We are fortunate to have an 'eye-witness' account of this incident in the diary of Simon Forman who also gives an account of a typical afternoon of leisure in London in the early years of James I. This account includes his impressions of A Maidenhead Taken itself. Forman's work has become a major source for literary historians...

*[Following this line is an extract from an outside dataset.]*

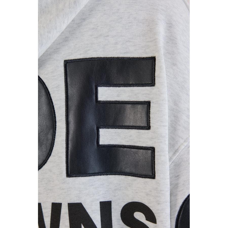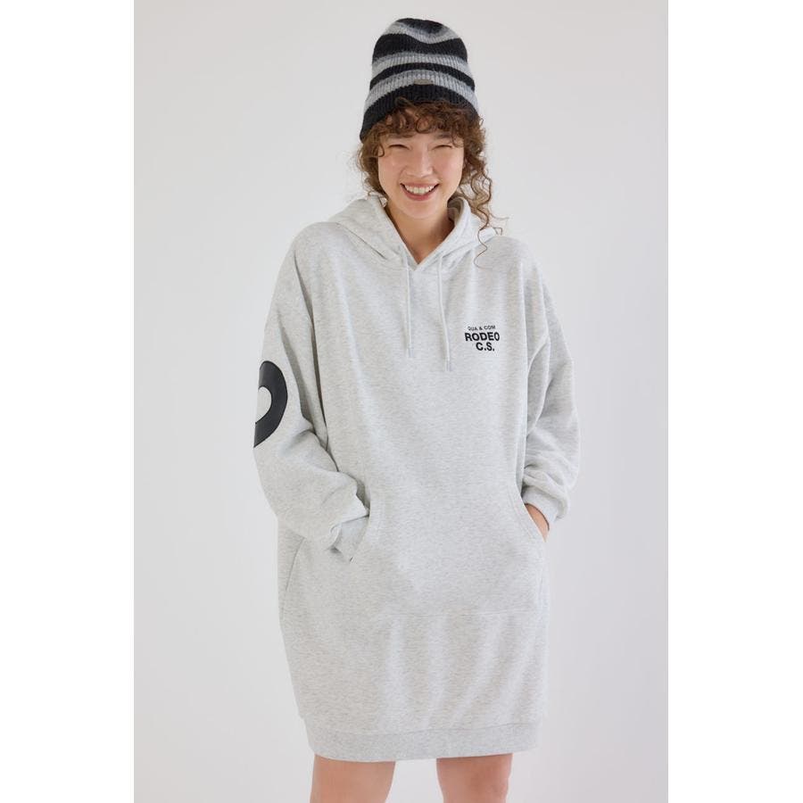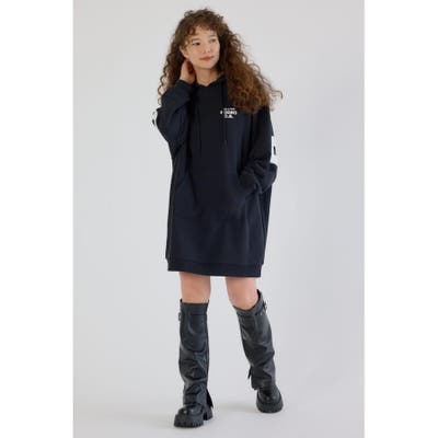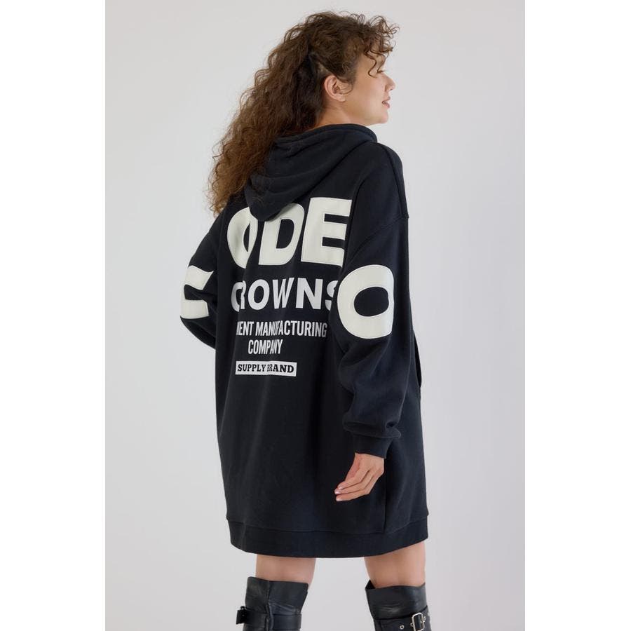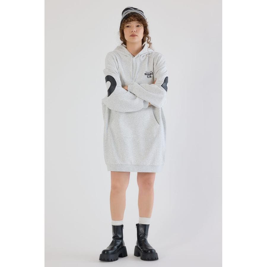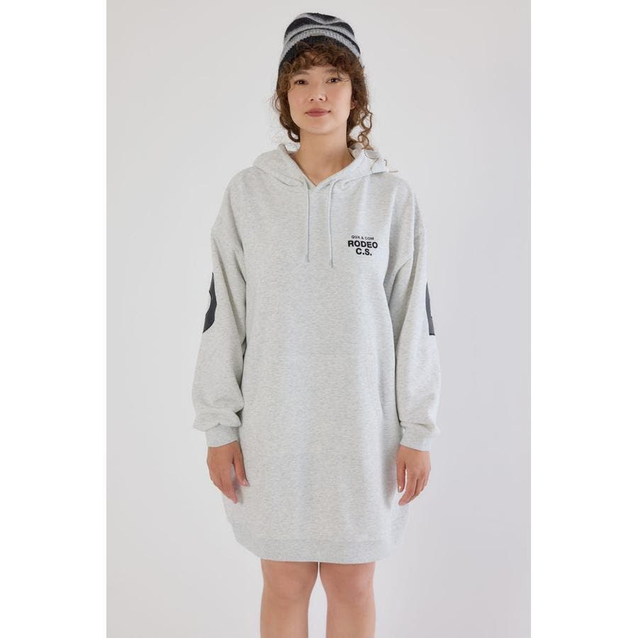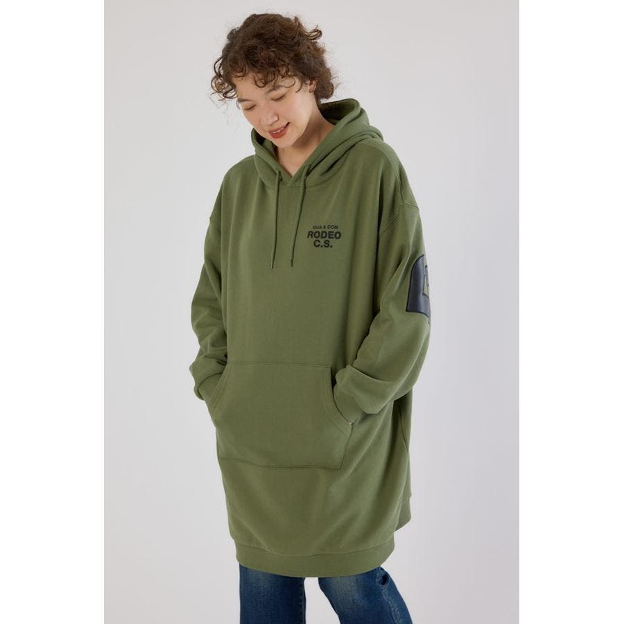 秋冬にぴったりなレザーアップリケがトレンド感があり、かっこいいパーカーワンピースです。

Was fortunate to see the newe plaie by jenkin at the jubilee playhouse, A Maidenhead Taken. Mrs Stainsheet used disgracefully by jack, a juggeler, who set live jellyfish into her queynte. She seemed to enjoie it and screamed sweetly. The boy who plaied her, Thomas Tages, did it q well. Had two pigeons and a spatchcock with a flagon of Rhenish then to the beargardin. two dogges sett at the stake with a beare. Good sport. Returned to Golden garter for shaggyng of Mary several tymes. Wearie tonight.
"What a life!" Veda remarked. Anthea's eyes had glazed over.
The Prentizes, to the nomber of 4. or 500, comitted extreame insolencies on Tewsday last; part of this nomber leving the Jubbille playehouse hard by the Charinge Cross took their course for the Iack daw at Kilburn and passing the house of the Garter did there besett the house around, broke in, wounded divers of the women, breaking open trunckes & whatt apparell, bookes or other things they found, they burnt & cutt in peeces; & used the women in a manere most shameful notwithstanding the jelifish; & nott content herewith, they gott on the top of the house, & untiled it, trying to pull the house downe to the grownd. & had not the Justices of Peace & Sherife levied an aide, & hindred their purpose, they would have layed that house likewise even with the grownd.
In this skyrmishe a Justice of the Peece, while he was reading a Proclamacion, had his head broken with a brick batt, & one prentice was slaine, being shott through the head with a pistoll. Many other of their fellowes were sore hurt, & such of them as are taken his Majestie hath commaunded shal be executed for example sake. Methinks Mistress Termagent should sue Jedburgh's Men for this outtrage.
These boys were, what, thirteen? Fourteen? Tch. Young 'uns in the old days.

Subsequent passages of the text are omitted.